According to the latest information, six nuclear reactors are scheduled to retire in either 2021 or 2022, and two are scheduled to come online. The forecast nuclear share of total electricity generation, which averaged nearly 21% in 2020, will fall to 20% by 2021 and to 19% in 2022, consistent with upcoming retirements.
Renewable Capacity (source EIA)
Over the next two years, renewable generating capacity will continue to grow. Wind capacity growth begins to moderate, but solar capacity growth continues. In 2021, large-scale solar capacity growth in gigawatts (GW) exceeds wind growth for the first time. EIA forecasts that 15 GW of solar photovoltaic (PV) generating capacity will be added in 2021, with an additional 12 GW forecasted for 2022. Small-scale solar PV capacity is forecasted to increase by 4 GW in 2021, with another 3 GW forecasted for 2022. Residential PV accounts for most of this additional small-scale generating capacity for both 2021 and 2022. EIA’s forecast solar capacity growth reflects various state and federal policies to support renewable energy.
Tariffs on PV modules will decline to 15% in 2021 and expire thereafter. Growth in PV generating capacity over the STEO forecast reflects, in large part, declining global prices for PV modules and increasing prices for natural gas. This anticipated fall in module price is expected to outweigh price increases incurred by the tariff in 2021.
Generating capacity from wind turbines is forecasted to grow by 12 GW in 2021, with an additional 4GW of growth expected for 2022. This growth in forecasted wind generating capacity for 2021 and 2022 marks a decline from the record of 21 GW added in 2020. Because wind capacity is often added at the end of the calendar year, increases in generation frequently lag increases in capacity for the year they occur in, and they are reflected in the generation for the next year.

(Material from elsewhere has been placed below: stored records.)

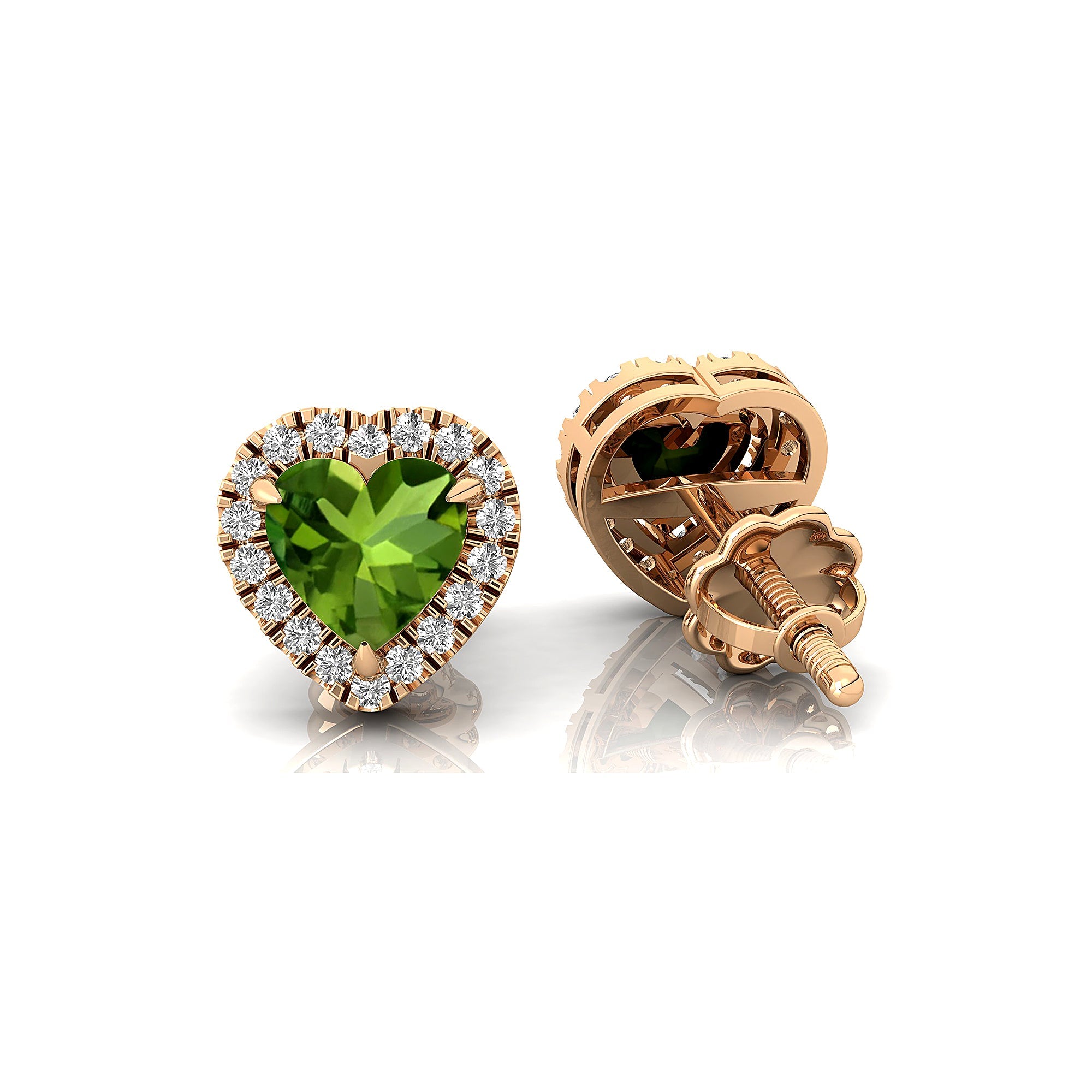 Heart Shaped Peridot Halo Diamond Stud Earrings - GeumJewels
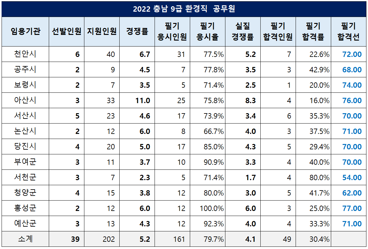 충청남도 환경직 공무원 필기 합격선은 홍성군이 77.00점으로 가장 높았고, 아산시가 76.00점, 보령시가 74.00점, 천안시가 72.00점이었던 반면, 서천군이 54.00점으로 가장 낮았습니다.
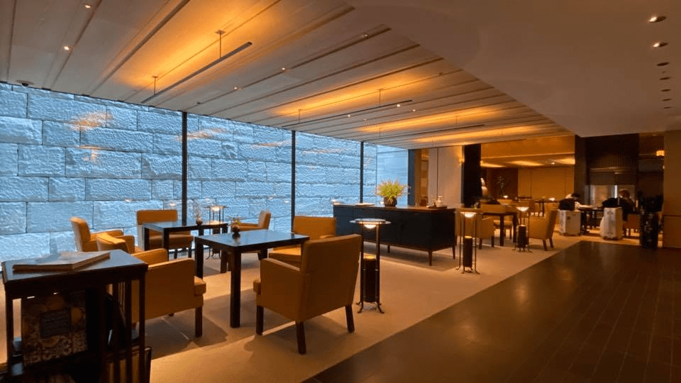 大廳的座位區,往窗外的景觀不是綠化,而是石頭堆砌的石牆.
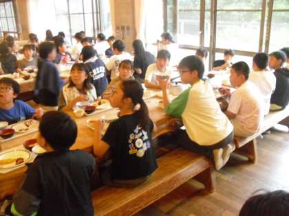 夕食をいただきました。楽しい時間はあっという間にすぎ,夕方の時間になりました。
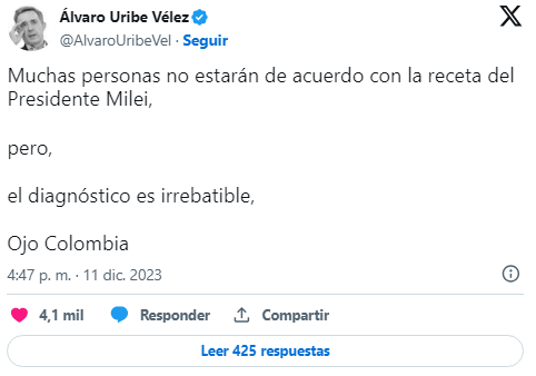 En su cuenta de X, Uribe publicó: “Muchas personas no estarán de acuerdo con la receta del Presidente Milei, pero, el diagnóstico es irrebatible”.

Much of this slowing growth in wind can be attributed to the expiration of the production tax credit. The credit, which at the end of 2019 was extended through 2020, provided a 2.5 cent per kWh benefit for facilities entering service or securing 5% safe harboring (spending at least 5% of total estimated project cost) through the 2020 calendar year. The effect of the tax credit extension included in the Consolidated Appropriation Act of 2021, enacted in late December 2020, is not yet reflected in this forecast. EIA will update its data and forecasts as new information is reported on the EIA-860 survey of planned capacity additions.
EIA expects 2021 wholesale electricity prices in many areas of the country will be higher than those of last year, reflecting the increased cost of natural gas for power generation. EIA forecasts that annual average wholesale prices in New England will rise substantially this year primarily because of the colder winter weather that contributed to rising natural gas prices.
EIA forecasts the U.S. retail electricity price for the residential sector will average 13.3 cents/kWh in 2021, which is 1.2% higher than the average retail price in 2020. Forecast residential prices are projected to increase by an additional 1.2% in 2022.